I'll be open and say i considered myself asexual for most of my life since being raped at a young age by my peers in what i knew even at the time was a transmisogynistic attack on a girl just realizing she was a girl. it took years to begin to heal from the impact this had on me, to stop repressing my need for transfeminization to save myself from the violent degendering that had been ongoing for all my life no matter what i saw myself as, and years after that to actually being to explore my sexuality again.
finally allowing myself to stop thinking of my body as a tool for the same kind of systemic violence done to me was hard work that would never have gotten done if not for countless transfems before me helping me navigate these feelings through fiction and their own candid thoughts on the matter. i owe my current joy in my sexuality to all of these transfems going through such an effort constantly in the face of a global culture that tries to prevent us from healing in such a way. so I bristle at the fact that so many of us seem so willing to constantly tiptoe around the issue at hand in what most of these bannings have in common. this is more often than not aimed at girls who express our sexualities openly, especially in ways that are socially maligned (but never nearly as much for anyone else as for us), and it is leveraging this one specific aspect of transmisogyny to make our lives miserable.
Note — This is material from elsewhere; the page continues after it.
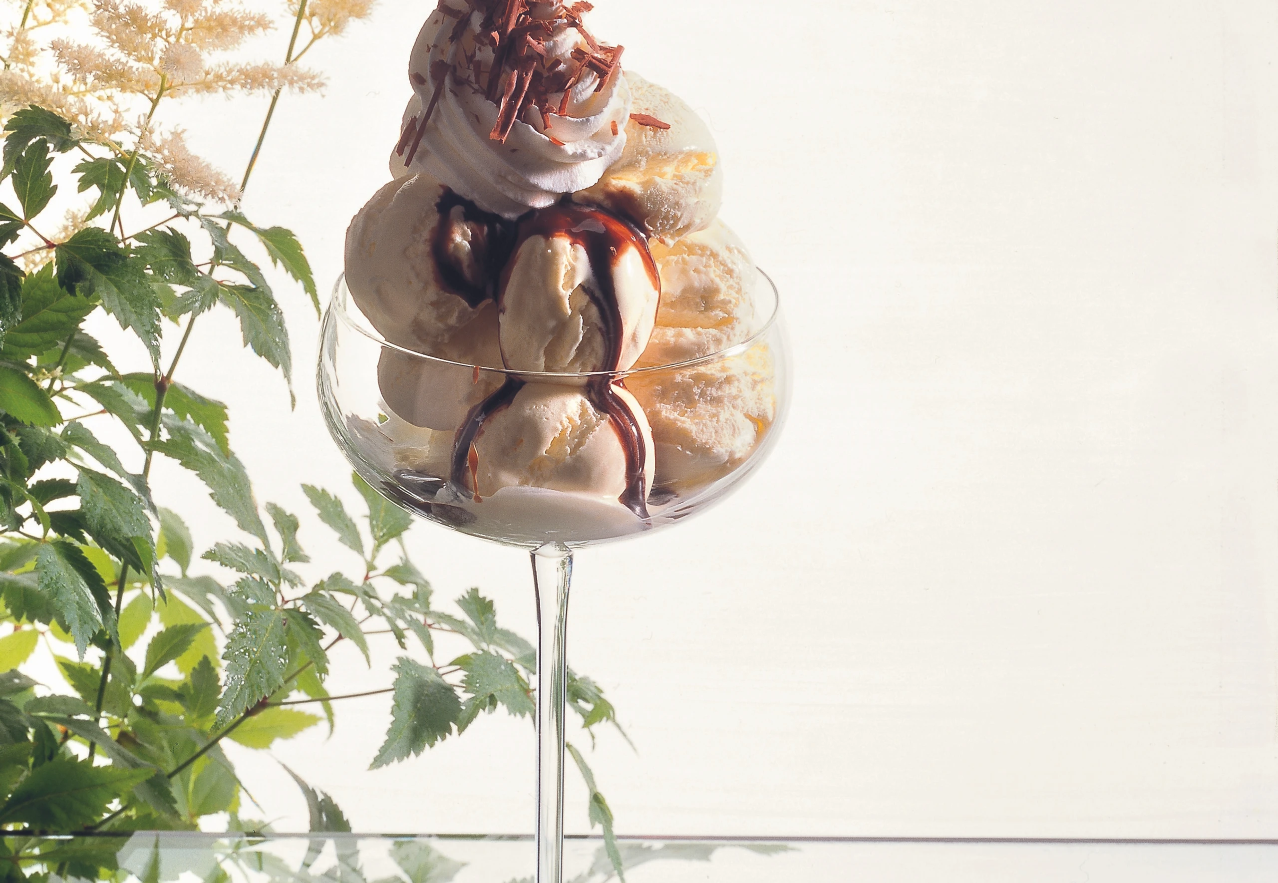 Vanilleeis in gekühlten Gläsern anrichten. Schokoladesauce über das Eis gießen und mit Schlagobers dekorativ garnieren (mit Hilfe eines Dressiersackes oder noch besser eines Schlagobersautomaten, in dem man geschlagenes Obers bis zu ca. 1 Woche aufbewahren kann). Besonders hübsch sieht der Eisbecher aus, wenn man das Schlagobers mit Schokoladespänen bestreut.

we can't actually help the girls most targeted by this if we continue to be too scared to call things what they are. they don't want us to ever heal from our sexual traumas. they don't want us to ever escape the specter of the trans woman as a rapist, which allows us to become subservient dehumanized sexual objects easily discarded (read: killed) when we become too boring for tmes. they will continue to use these tropes, of the rapist, the pedophile, etc, in their hunts for us, so if you actually want to say that you are standing up for us, you have to actually address these specific tropes for what they are and actually give your support to girls who are openly sexual no matter how much of a fucking ick their type of sexuality might give you
You need to support her when she's open about her sexuality. You need to support her when her kinks disgust you. You need to support her when other people want her killed for her attractions. You need to support her because there's no guarantee anyone else will or that she'll even be around long enough to find another person who will.
When you give fascists an inch, they take a mile. The most optically challenged, perverted, fetishistic, paraphilic, and non passing trans woman will always be worth more than a million fascists. And if you disagree, then you don't hate fascists enough.
"no human rights for pe-"
"no human rights for ra-"
"no human rights for zo-
"no human rights for ne-"
recognize the pattern, reject dehumanization, destroy the weapons of oppresion themselves!